[15410] in North American Network Operators' Group
Re: Smurfing
daemon@ATHENA.MIT.EDU (Tatsuya Kawasaki)
Tue Feb 17 20:38:30 1998
Date: Wed, 18 Feb 1998 10:36:32 +0900 (JST)
From: Tatsuya Kawasaki <tatsuya@giganet.net>
To: nanog@merit.edu
cc: Paul Ferguson <pferguso@cisco.com>
In-Reply-To: <Pine.LNX.3.96.980217173818.23725B-100000@x0r.iagnet.net>
paul,
it sounds a good idea but is it possible?

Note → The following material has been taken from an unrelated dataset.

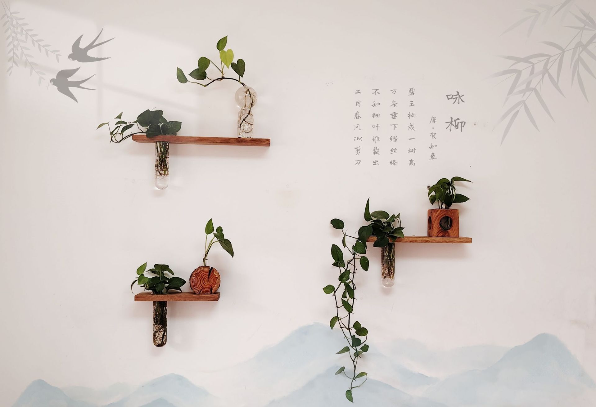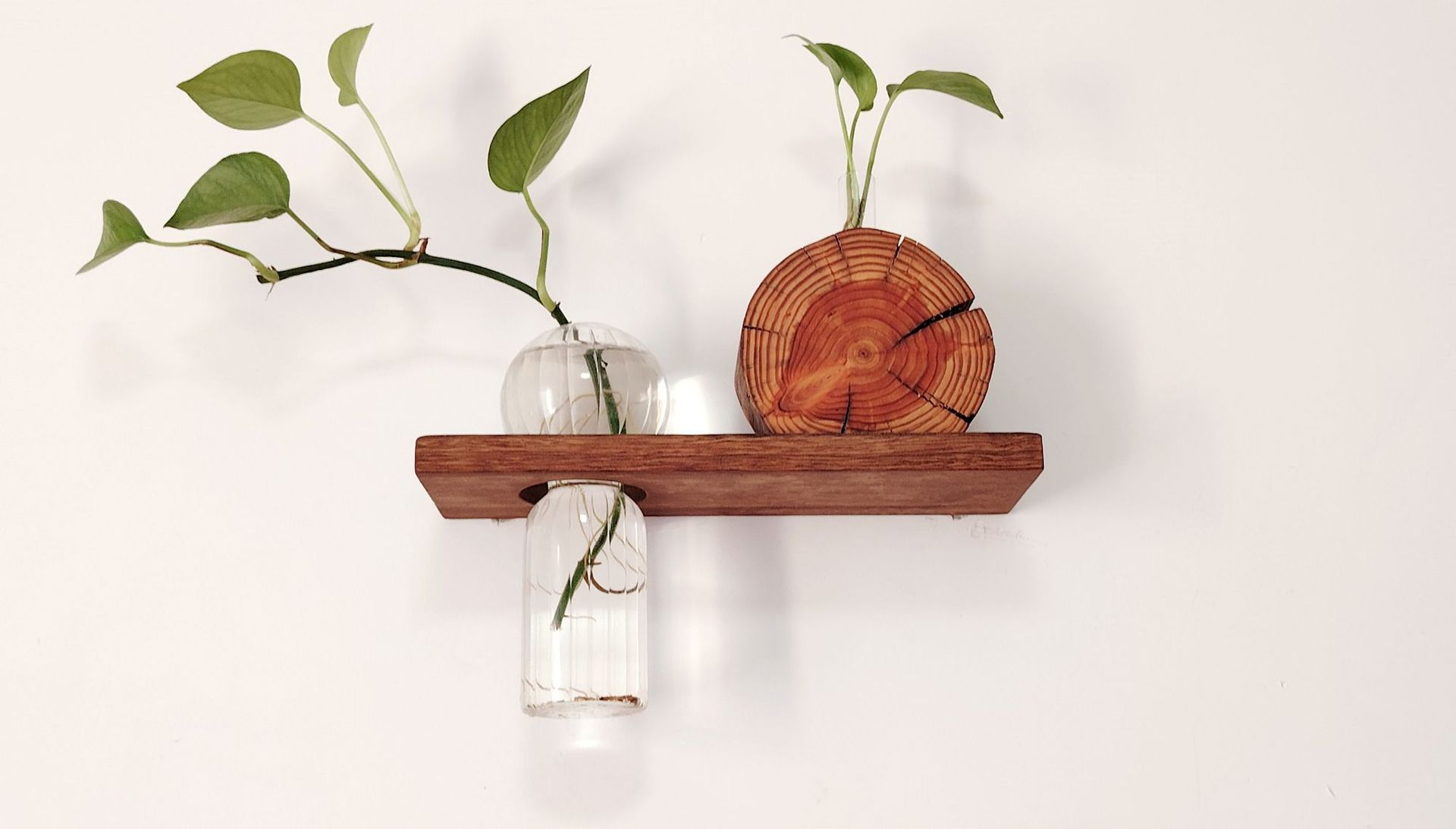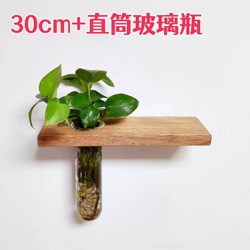 원목 벽걸이 꽃병, 벽걸이 꽃꽂이, 수경화분, 일자형 보드 수납 꽃걸이, 소파 배경 벽 장식

I don't think cisco can filter by wrong SRC address bases.
^^^^^
you still can use still use any ip on the same segment.
(Big deal, huh? :-) )
Furthermore, it will cause some problem for Mobile IP stuff,
if I remember correctly.
regards,
tatsuya
On Tue, 17 Feb 1998, Bradley Reynolds wrote:
> > See RFC2267.
> >
> > - paul
> >
> >
> > > Good news.
> > >
> > > One more question (just is there is someone from the CISCO) - what's
> > > about source-address filtering at default for the access servers/routers?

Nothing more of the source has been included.